The U.S. Cybersecurity and Infrastructure Security Agency (CISA) has added a critical security flaw affecting OSGeo GeoServer to its Known Exploited Vulnerabilities (KEV) catalog. This move comes in response to evidence of active exploitation in the wild, highlighting the urgent need for organizations to patch their systems. The vulnerability, identified as CVE-2025-58360, is an XML External Entity (XXE) flaw that could allow attackers to access sensitive files or perform other malicious actions.

Key Takeaways

• CISA has added CVE-2025-58360, an XXE vulnerability in OSGeo GeoServer, to its KEV catalog due to active exploitation.

• The flaw affects specific versions of GeoServer and has been patched in later releases.

• Successful exploitation can lead to arbitrary file access, Server-Side Request Forgery (SSRF), and denial-of-service (DoS) attacks.

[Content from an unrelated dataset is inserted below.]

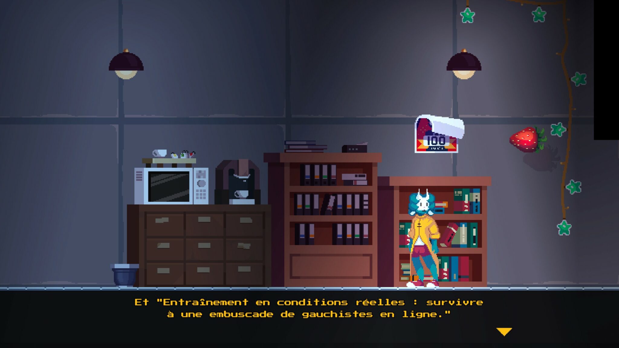 L’ensemble est porté par une galerie de personnages secondaires bien écrits, une tonalité oscillant entre l’absurde et le mélancolique, et un humour qui surprend autant qu’il peut se montrer un peu lourdingue. Le tout donne à la première production de Mostly Games une identité forte, même si l’on sent qu’il n’exploite pas toujours tout son potentiel en matière de métarécit.

• Federal agencies are mandated to apply fixes by January 1, 2026.

Vulnerability Details

The vulnerability, CVE-2025-58360, carries a CVSS score of 8.2 and impacts all GeoServer versions prior to and including 2.25.5, as well as versions 2.26.0 through 2.26.1. Patches are available in versions 2.25.6, 2.26.2, 2.27.0, 2.28.0, and 2.28.1. The issue arises from an improper restriction of XML external entity references when the application accepts XML input through the operation's endpoint. This allows attackers to embed external entities within XML requests.

Affected packages include:

• docker.osgeo.org/geoserver

• org.geoserver.web:gs-web-app (Maven)

• org.geoserver:gs-wms (Maven)

Potential Impact

Exploitation of this XXE vulnerability can have severe consequences. Attackers could potentially:

• Access arbitrary files from the server's file system.

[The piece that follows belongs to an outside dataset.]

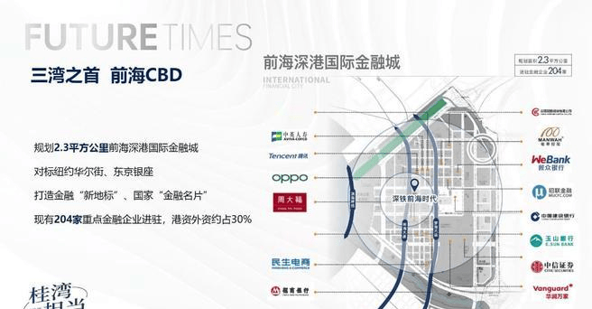 桂湾承载金融创新使命,打造国际金融中心+全球总部中心,规划约2.3平方公里前海国际金融城,已入驻239家重点金融企业。

• Conduct Server-Side Request Forgery (SSRF) to interact with internal systems.

• Launch denial-of-service (DoS) attacks by exhausting server resources.

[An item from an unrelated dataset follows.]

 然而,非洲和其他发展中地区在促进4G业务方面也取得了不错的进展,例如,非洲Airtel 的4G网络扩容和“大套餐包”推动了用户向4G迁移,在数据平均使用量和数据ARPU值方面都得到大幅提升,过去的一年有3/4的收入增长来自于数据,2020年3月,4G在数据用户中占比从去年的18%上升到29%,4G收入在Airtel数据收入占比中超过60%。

While specific details on how the vulnerability is being abused in real-world attacks are not yet public, the Canadian Centre for Cyber Security confirmed on November 28, 2025, that an exploit exists in the wild.

Remediation and Mandates

CISA has mandated that Federal Civilian Executive Branch (FCEB) agencies must apply the necessary fixes by January 1, 2026, to secure their networks against this actively exploited vulnerability. Private organizations are also strongly encouraged to review the KEV catalog and address this and other vulnerabilities within their infrastructure.

This incident follows a previous critical flaw (CVE-2024-36401) in GeoServer, which was also exploited by threat actors and added to the KEV catalog last year, underscoring the ongoing security challenges associated with widely used open-source software.

Sources

• CISA Flags Actively Exploited GeoServer XXE Flaw in Updated KEV Catalog, The Hacker News.

• U.S. CISA adds an OSGeo GeoServer flaw to its Known Exploited Vulnerabilities catalog, Security Affairs.